Improve Clinical Sites By Bringing Together Pharma, Biomedical R&D and CROs
By Ed Miseta, Chief Editor, Clinical Leader
As the co-founder, president, and CEO of the Alliance for Clinical Research Excellence and Safety (ACRES), Greg Koski has a big job in front of him. How do you take pharma, and other biomedical R&D, as well as CROS, which for years have operated as separate entities, and get them to come together and create standards and an accreditation process to benefit the entire industry, indeed, the entire enterprise of a complex of multiple stakeholders, including regulators and the public?
ACRES certainly has an ambitious agenda. The ACRES website [www.acresglobal.net] notes the group hopes to eliminate inefficiencies and waste from the clinical trials process, while building a culture of safety, ethical behavior and quality throughout the biomedical R&D industry. All stakeholders, including pharma and CROs, will have to be onboard with the effort.

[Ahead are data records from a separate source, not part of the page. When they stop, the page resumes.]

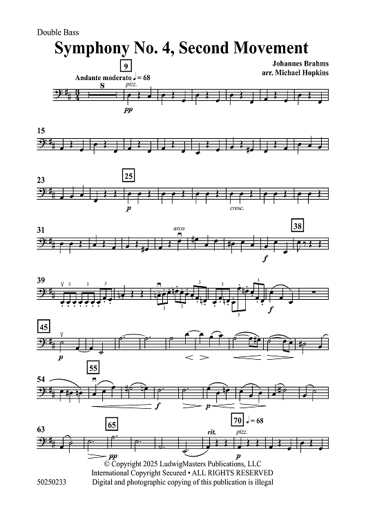 Digital Sheet Music for Symphony No. 4, Second Movement - Double Bass by Johannes Brahms, Michael Hopkins scored for Orchestra; id:507467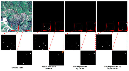 In high-resolution satellite imagery, forest scenes are highly complex, and the visual characteristics of different infected trees within the same image patch often vary. For instance, differences in the severity of infection lead to varying degrees of reflectance changes: in the early stage of pine wilt disease, the changes in canopy reflectance are subtle and difficult to detect; dead trees appear with dim coloration and are also challenging to identify; trees in the mid-to-late stages of infection exhibit the most pronounced reflectance variations and are therefore the easiest to recognize. In addition, infected trees vary in height and crown width—trees with a lower height and smaller crowns are more susceptible to shadow effects from neighboring trees, which results in reduced reflectance. Moreover, bare ground within forests tends to exhibit spectral and textural characteristics in the visible bands that are similar to those of trees in the early or mid-infection stages. Due to these interfering factors and the limited receptive field, CNNs are easily influenced by local features, leading to missed or wrong detections. In contrast, the self-attention mechanism can capture infected tree features at a global level, making it less susceptible to local interference. As a result, self-attention exhibits superior capability in modeling infected tree features. This is evident in the smoother morphology and significantly fewer wrong detections observed in masks extracted by DANet and SegFormer, compared to those produced by FCN.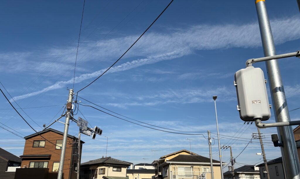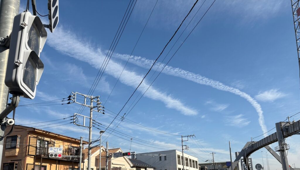似たような雲をアメリカの空でここ数年よく見る。最近は娘のいるカリフォルニアに行くばかりだが、空が日によるけれど太い筋だらけになることがある。この雲の下の空気中に、あるべからざる化学物質が探知されたという報告もある。erroneous theoryだと定義する大手のサイトもあるが、その目的は風評の域を飛び越えつつあり、評判すこぶる悪く、CHEMTRAILと名が付いた。これはharmful chemicals+trailという混成語である。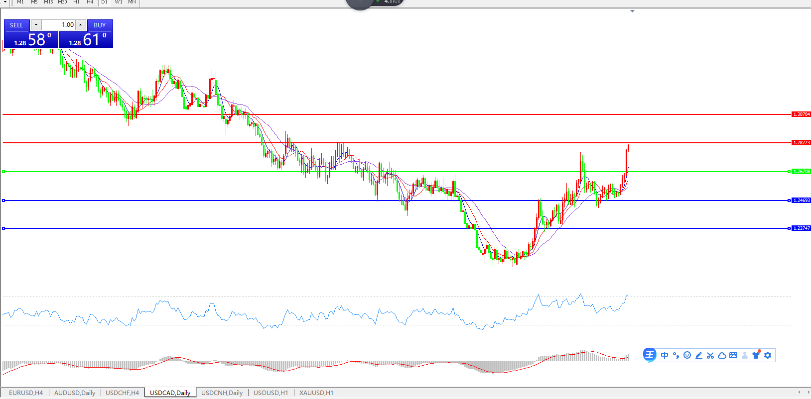 技术面简析:日图均线呈有序多头排列,汇价持续小幅走强,MACD运行于0轴上但量能小放量,RSI小幅走升,预计短期汇价大概率将进一步上行。
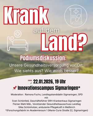 Wir wollen uns zusammen mit Expertinnen und Experten einen Überblick über die Lage im Landkreis Sigmaringen verschaffen und gemeinsam diskutieren, wie unsere Gesundheitsversorgung besser werden kann.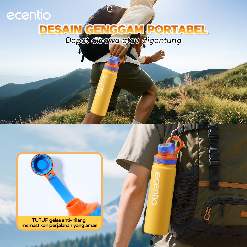 ecentio tumbler Stainless 316 outdoor 800ml sport olahraga aesthetic lari Portable Tetap dingin selama 24 JAM Thermos Botol minum besar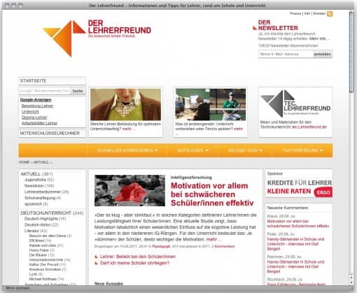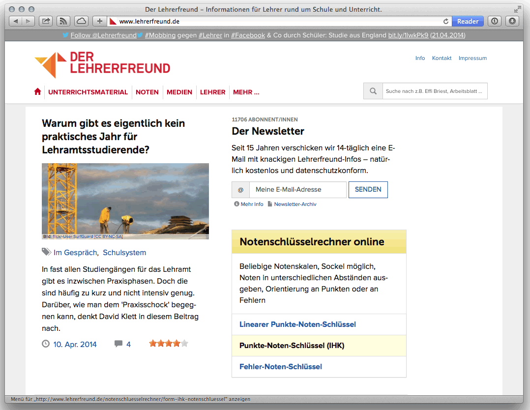 Screenshot Lehrerfreund, Startseite, 04/2014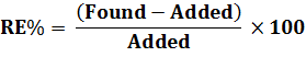 To evaluate the accuracy and precision of the proposed methods, intraday and inter-day determination of SOD and DAC at three different concentrations for each method were prepared and analyzed. The intraday studies were performed in one day and inter-day studies in five days (for each level n=6). The percentage relative error (RE%) was calculated using the following equation: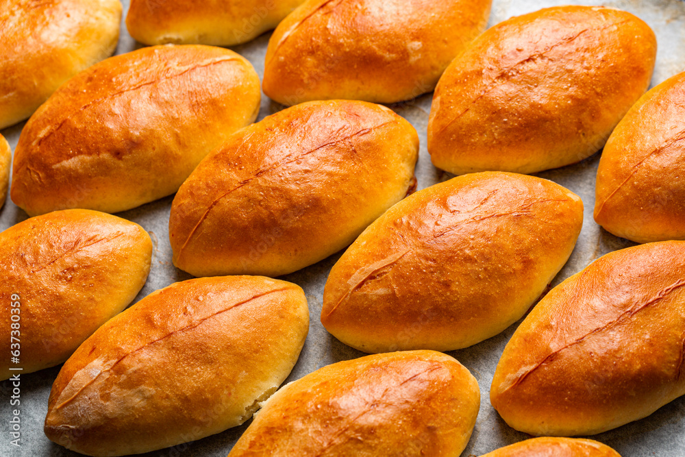 Cooking mini pies Pirozhki or piroshki on a cooking tray. Close-up. Homemade baked yeast boat shaped buns with cabbage fillings. Eastern Europe food.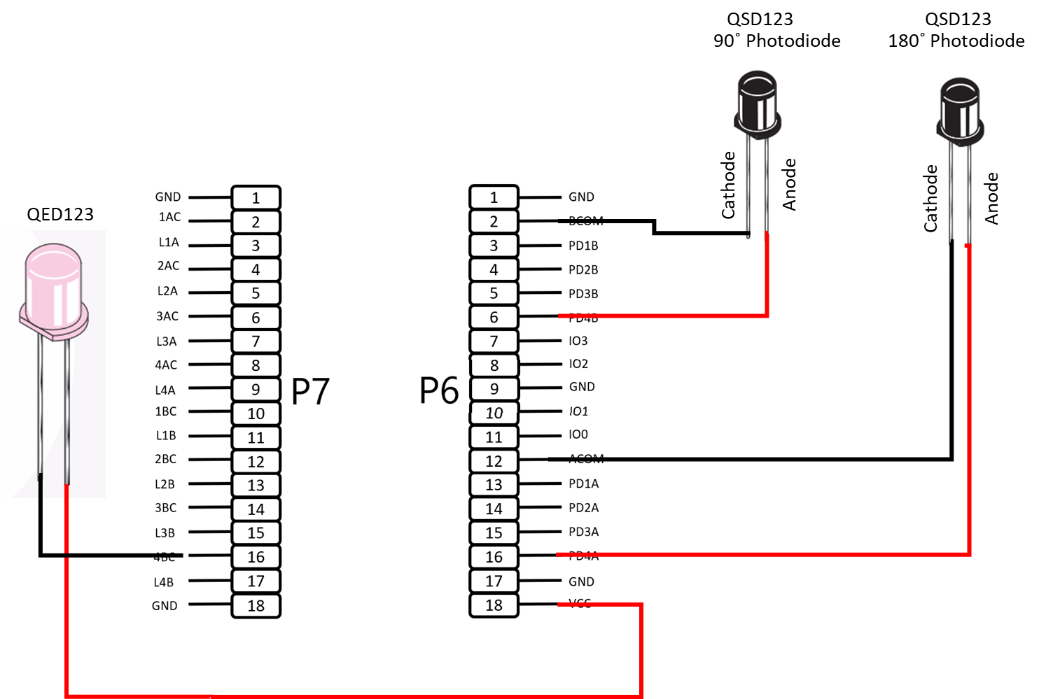 To set up the optical path, use the prototype board that comes in the box with the EVAL-ADPD410x-ARDZ as a base. The connection diagram for the QED123 LED and the two QSD123 is shown below: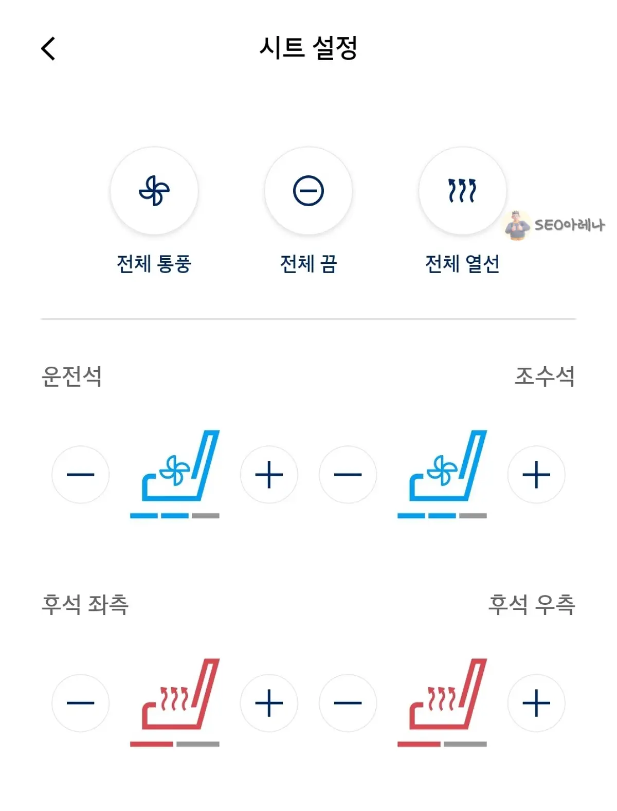 아무래도 무더운 날씨에 밖에 있다가 통풍시트를 미리 켜놓은 차량에 탑승하면 훨씬 빨리 더위를 식힐 수 있으니까요.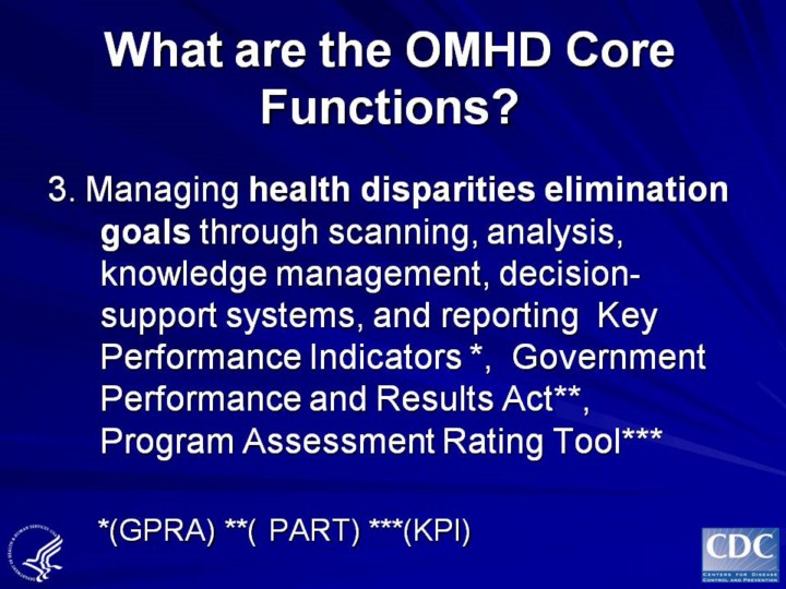 What are the OMHD Core Functions? 3. Managing health disparities elimination goals through scanning, analysis, knowledge management, decision-support systems, and reporting Key Performance Indicators *, Government Performance and Results Act**, Program Assessment Rating Tool*** -- Mobilizing resources and advocating for health disparities elimination programs -- Aligning use of resources with accomplishment of health disparities elimination goals *(GPRA) **( PART) ***(KPI)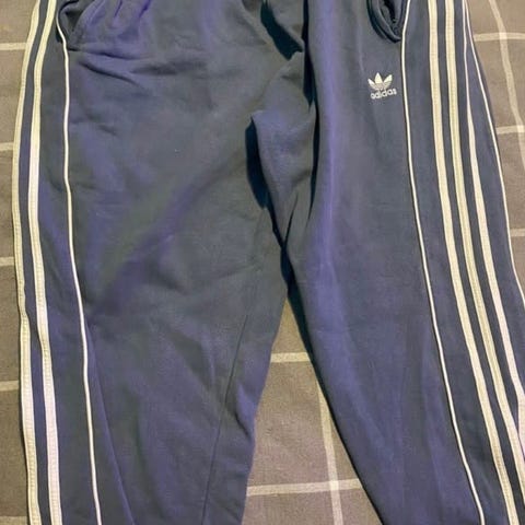 Adidas by Gucci träningsbyxor för herr i storlek M. Byxorna är blå med mönster och har de karakteristiska tre ränderna längs sidorna. Modellen har resår i midjan, dragkedjefickor framtill och rak passform. Passar för vardagsbruk eller lättare träning.
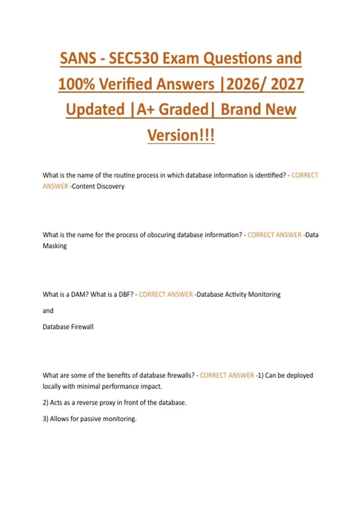 What are some of the benefits of database firewalls? - CORRECT ANSWER -1) Can be deployed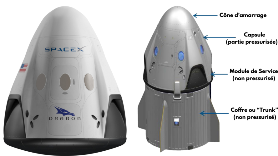 Le vaisseau spatial Dragon est composé de deux parties : une section pressurisée qui fait voler l’équipage ou la cargaison, et une section non pressurisée appelée coffre (« trunk » en anglais), qui contient notamment les systèmes pour l’alimentation électrique et le contrôle thermique du vaisseau en orbite. Lors des missions cargo, le coffre peut également livrer du matériel non pressurisé à l’ISS et en contenir au désamarrage, en fonction des besoins de la mission (par exemple, les nouveaux panneaux solaires de la Station). Lorsque Dragon revient sur Terre, le coffre est largué avant que le vaisseau n’effectue son amerrissage et il n’est pas récupéré (seule la capsule l’est et est réutilisée en général).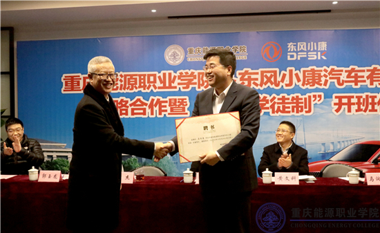 近年来,重庆能源职业学院作为全国教育系统先进集体、市级优质高等职业院校、重庆市“双高”专业群建设单位,认真落实党中央加快现代化职业教育发展的战略部署,立足服务区域经济发展,对接产业紧贴行业。2019 年 12 月 19 日,该校与东风小康汽车有限公司正式签约,成立了“小康汽车培训学院”。双方通过创新人才培养模式,开展“三嵌式工学结合试点班”“企业员工新型学徒制试点班”,开发校企合作双元教材以及建立“教师企业实践流动站”等具体做法,在汽车专业群建设、实训基地建设、人才培养与职工培训、“双师型”教师队伍建设方面取得了显著成效,切实提高了办学育人水平,为重庆汽车智能制造经济发展提供了有力的人才支撑。

I spoke with Koski to get his vision of the end goal, how he plans to make it happen, and the individuals he is enlisting to conquer the challenges and make the vision a reality.
Ed Miseta: In building ACRES, you have talked about bringing together experts from around the world to truly make this a global effort. What kind of folks are you attempting to bring together?
Greg Koski: I think the easiest way to get a feel for that is to simply look at the people who have already signed on as members of our executive office, advisory board, and board of directors. They are typical of the type of talent and passion we are bringing to this collaborative effort. ACRES is about building an alliance, and the way to make that happen—in addition to outreach such as this interview—is to reach out to members of one’s social networks. They will reach out to their contacts, and those folks then reach out to their contacts. Closing six degrees of separation, pretty soon you have everybody in the world involved!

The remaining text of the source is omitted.